- _Exercise_: In the entries below, begin at the line with "将年月日作为日期的私有属性,将输入的信息" and stop after the line with "в Ульяновске купить"; output those lines exactly and omit the pictures.

- _Data extracts_:
================

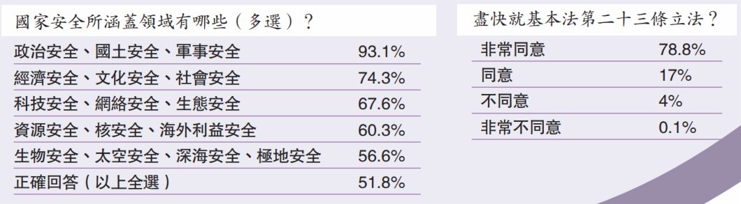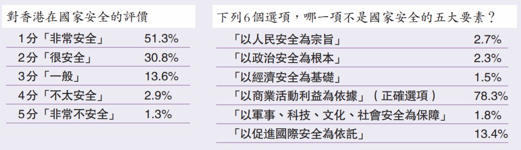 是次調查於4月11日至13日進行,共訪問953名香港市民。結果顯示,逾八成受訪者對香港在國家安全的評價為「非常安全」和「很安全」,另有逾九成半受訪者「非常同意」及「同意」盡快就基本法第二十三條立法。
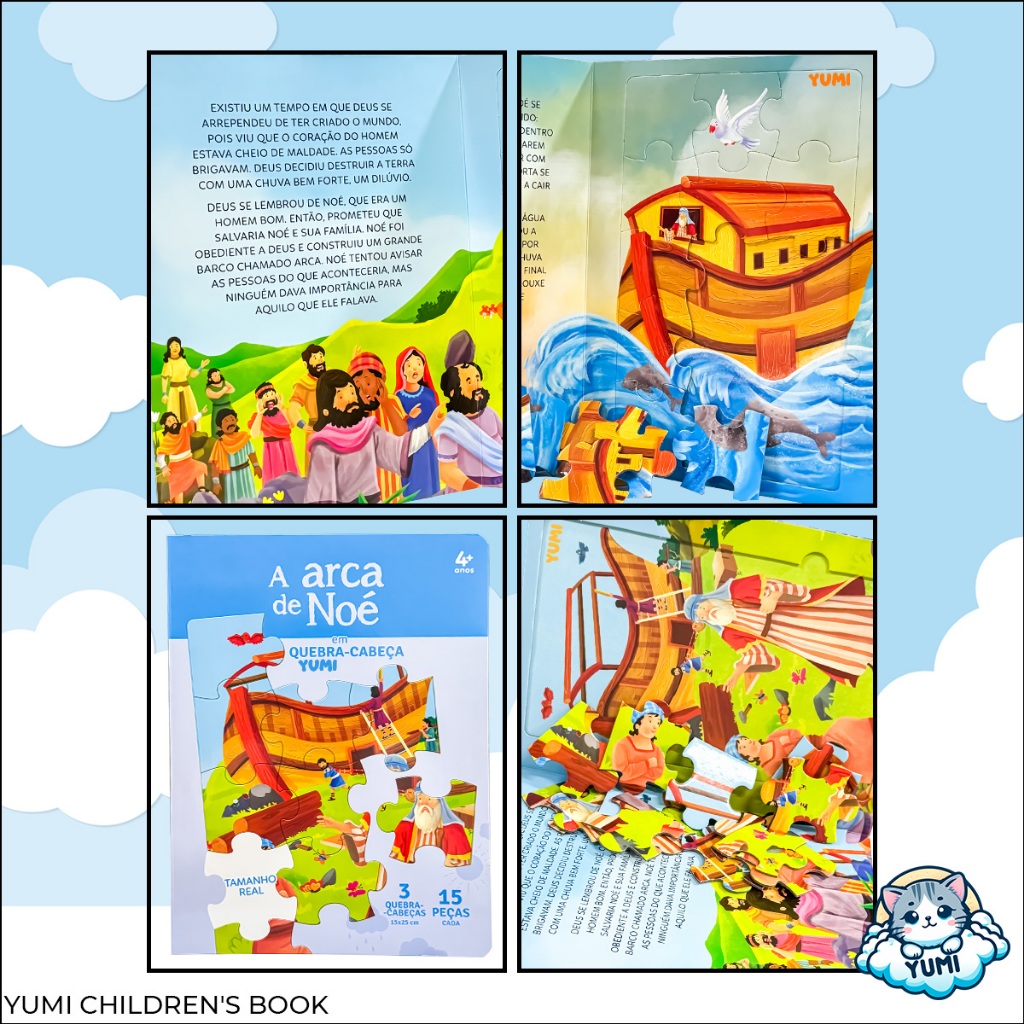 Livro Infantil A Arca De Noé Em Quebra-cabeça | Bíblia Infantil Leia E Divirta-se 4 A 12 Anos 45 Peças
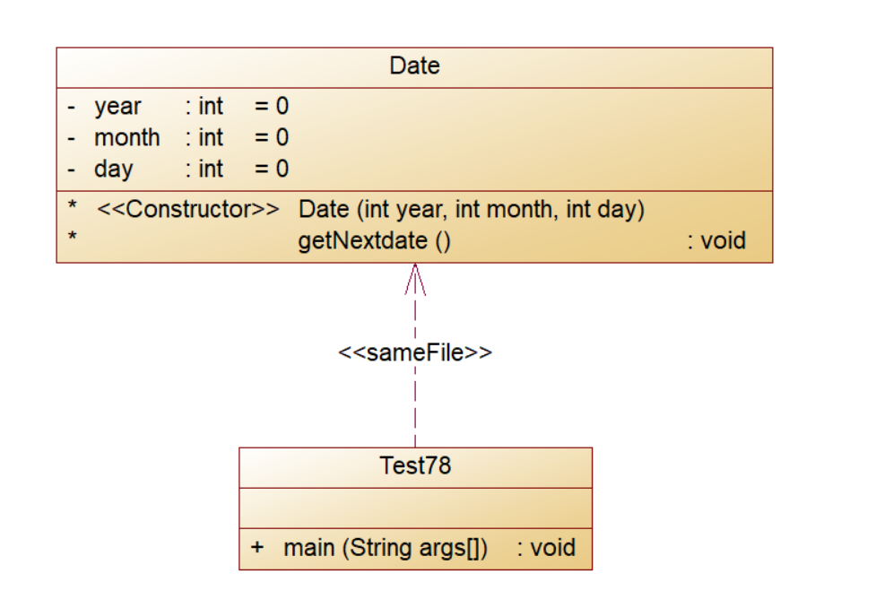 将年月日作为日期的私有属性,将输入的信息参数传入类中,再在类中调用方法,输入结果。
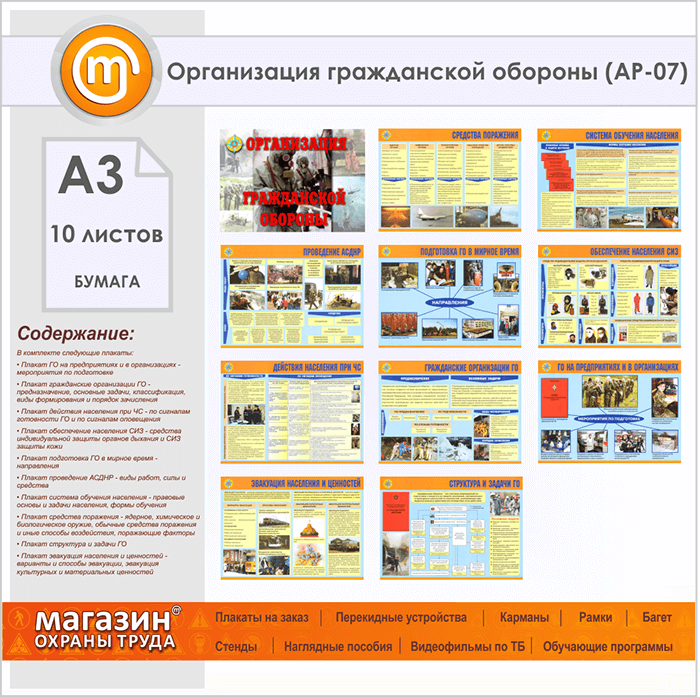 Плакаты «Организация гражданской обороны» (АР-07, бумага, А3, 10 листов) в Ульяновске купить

================

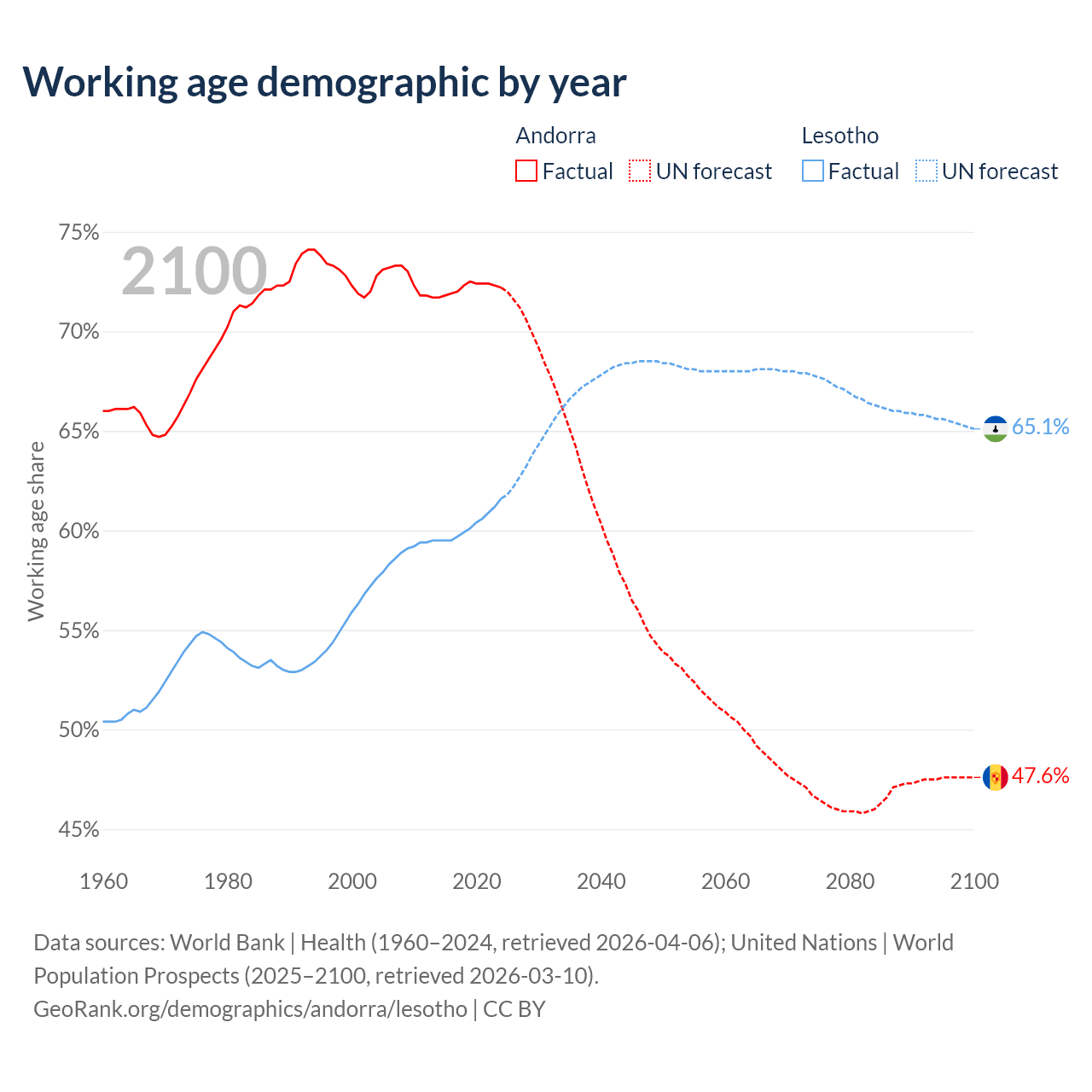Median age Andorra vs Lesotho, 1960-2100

================

- _Exercise output_:
 将年月日作为日期的私有属性,将输入的信息参数传入类中,再在类中调用方法,输入结果。
 Плакаты «Организация гражданской обороны» (АР-07, бумага, А3, 10 листов) в Ульяновске купить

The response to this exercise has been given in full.